• Records for the task
▼
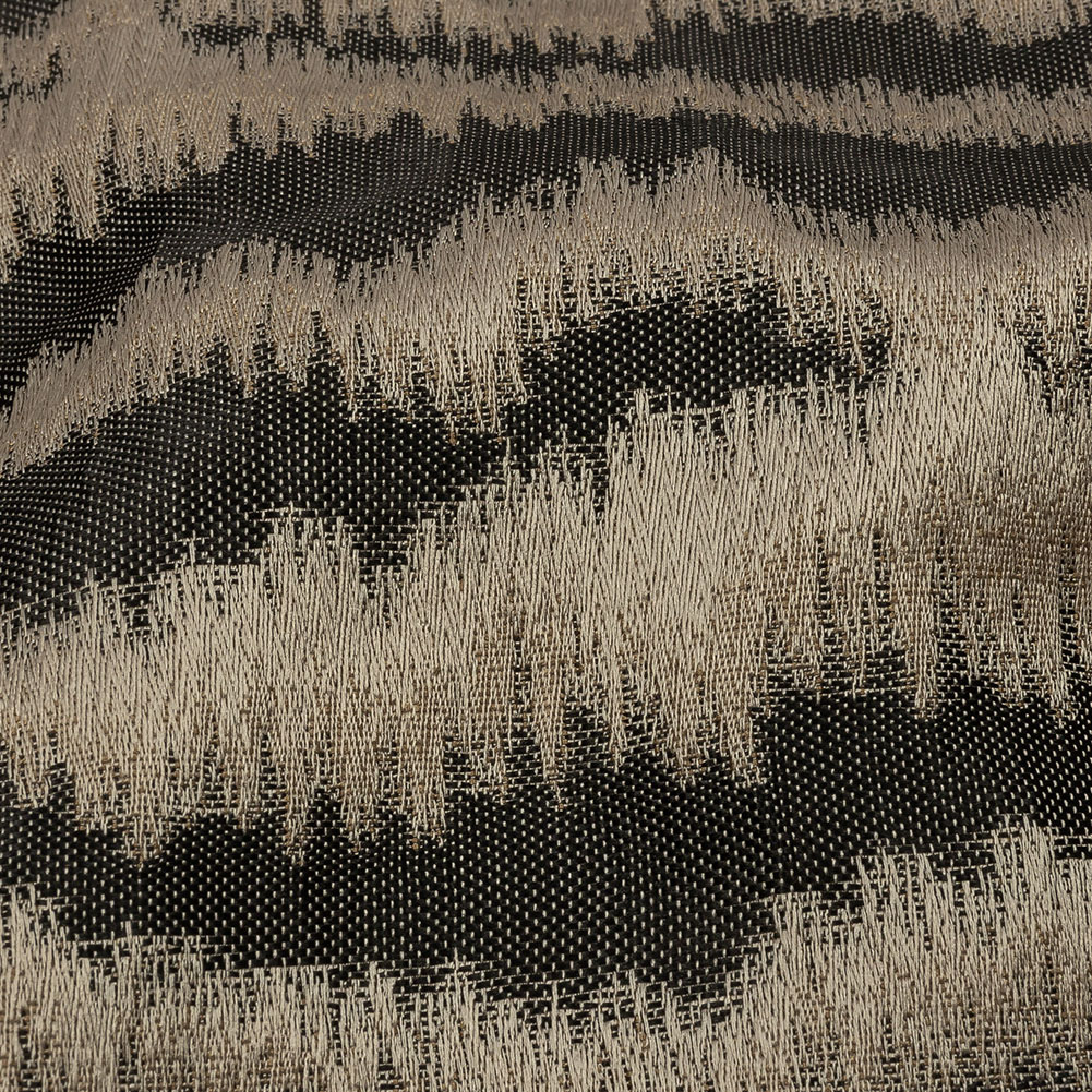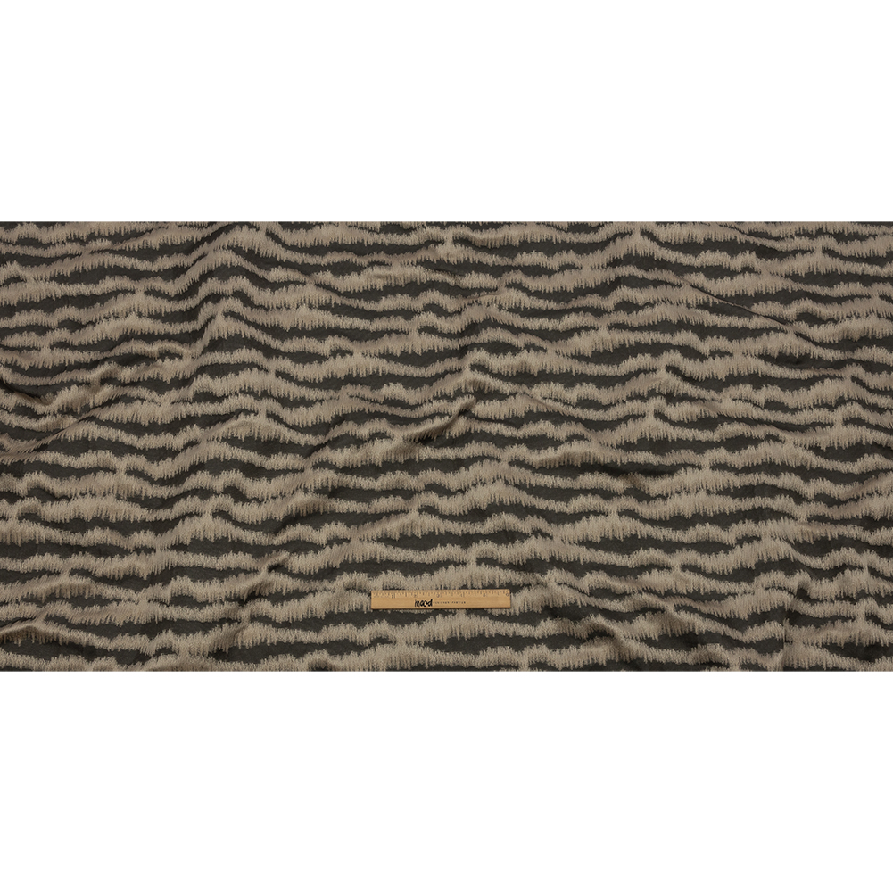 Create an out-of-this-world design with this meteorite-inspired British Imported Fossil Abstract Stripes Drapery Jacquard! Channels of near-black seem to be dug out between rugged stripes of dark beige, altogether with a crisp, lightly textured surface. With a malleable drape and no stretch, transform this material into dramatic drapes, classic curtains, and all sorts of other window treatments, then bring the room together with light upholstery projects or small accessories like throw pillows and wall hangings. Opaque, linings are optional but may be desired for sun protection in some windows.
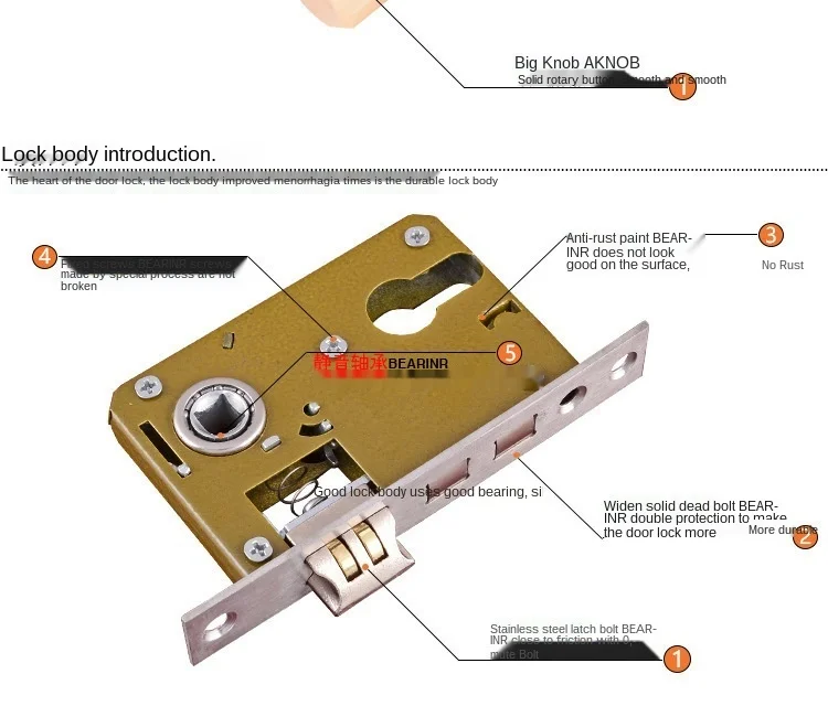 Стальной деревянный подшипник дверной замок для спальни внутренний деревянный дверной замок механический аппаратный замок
▲
▼
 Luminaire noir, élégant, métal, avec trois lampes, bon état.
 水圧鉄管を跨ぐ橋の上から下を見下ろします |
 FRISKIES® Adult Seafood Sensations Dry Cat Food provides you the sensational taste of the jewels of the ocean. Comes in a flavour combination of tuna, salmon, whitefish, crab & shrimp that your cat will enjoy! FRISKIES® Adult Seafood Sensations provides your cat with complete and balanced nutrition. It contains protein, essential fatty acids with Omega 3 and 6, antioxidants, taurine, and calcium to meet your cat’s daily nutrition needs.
▲
▼
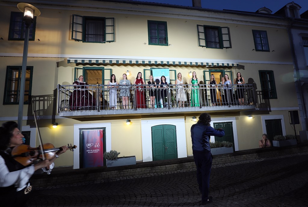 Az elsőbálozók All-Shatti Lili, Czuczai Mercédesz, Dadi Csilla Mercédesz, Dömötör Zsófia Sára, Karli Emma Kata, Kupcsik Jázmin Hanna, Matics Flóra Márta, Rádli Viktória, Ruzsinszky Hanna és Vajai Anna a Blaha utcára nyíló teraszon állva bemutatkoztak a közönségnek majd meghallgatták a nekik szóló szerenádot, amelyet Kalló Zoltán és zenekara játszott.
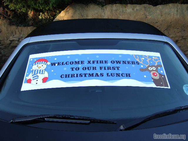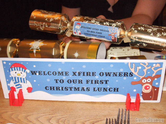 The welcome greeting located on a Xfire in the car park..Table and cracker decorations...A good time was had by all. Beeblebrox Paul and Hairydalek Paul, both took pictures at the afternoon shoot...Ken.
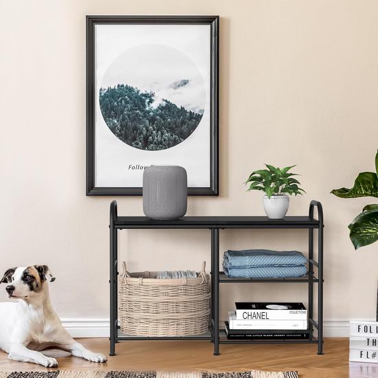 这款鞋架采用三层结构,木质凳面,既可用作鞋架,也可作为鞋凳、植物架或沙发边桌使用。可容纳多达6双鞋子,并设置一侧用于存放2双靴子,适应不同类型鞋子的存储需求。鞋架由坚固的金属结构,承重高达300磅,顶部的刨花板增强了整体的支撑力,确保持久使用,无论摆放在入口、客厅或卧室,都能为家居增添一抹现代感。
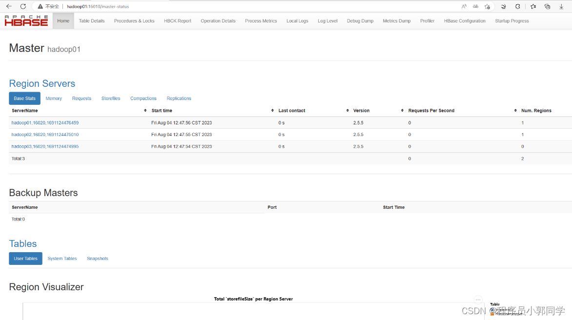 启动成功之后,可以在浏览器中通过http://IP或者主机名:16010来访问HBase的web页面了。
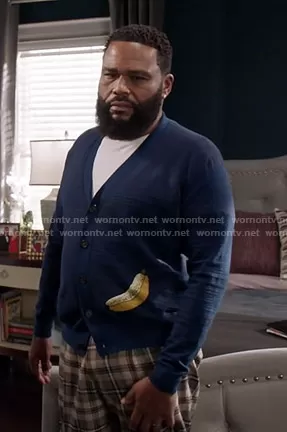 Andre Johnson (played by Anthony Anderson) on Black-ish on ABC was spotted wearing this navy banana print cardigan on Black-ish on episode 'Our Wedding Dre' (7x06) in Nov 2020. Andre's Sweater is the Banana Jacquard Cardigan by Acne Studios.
▲
• Work to be completed
Using the records above, repeat exactly the run of lines that starts with the line with "启动成功之后,可以在浏览器中" and goes on through the line with "Andre Johnson (played"; omit each picture.

• Solution
 启动成功之后,可以在浏览器中通过http://IP或者主机名:16010来访问HBase的web页面了。
 Andre Johnson (played by Anthony Anderson) on Black-ish on ABC was spotted wearing this navy banana print cardigan on Black-ish on episode 'Our Wedding Dre' (7x06) in Nov 2020. Andre's Sweater is the Banana Jacquard Cardigan by Acne Studios.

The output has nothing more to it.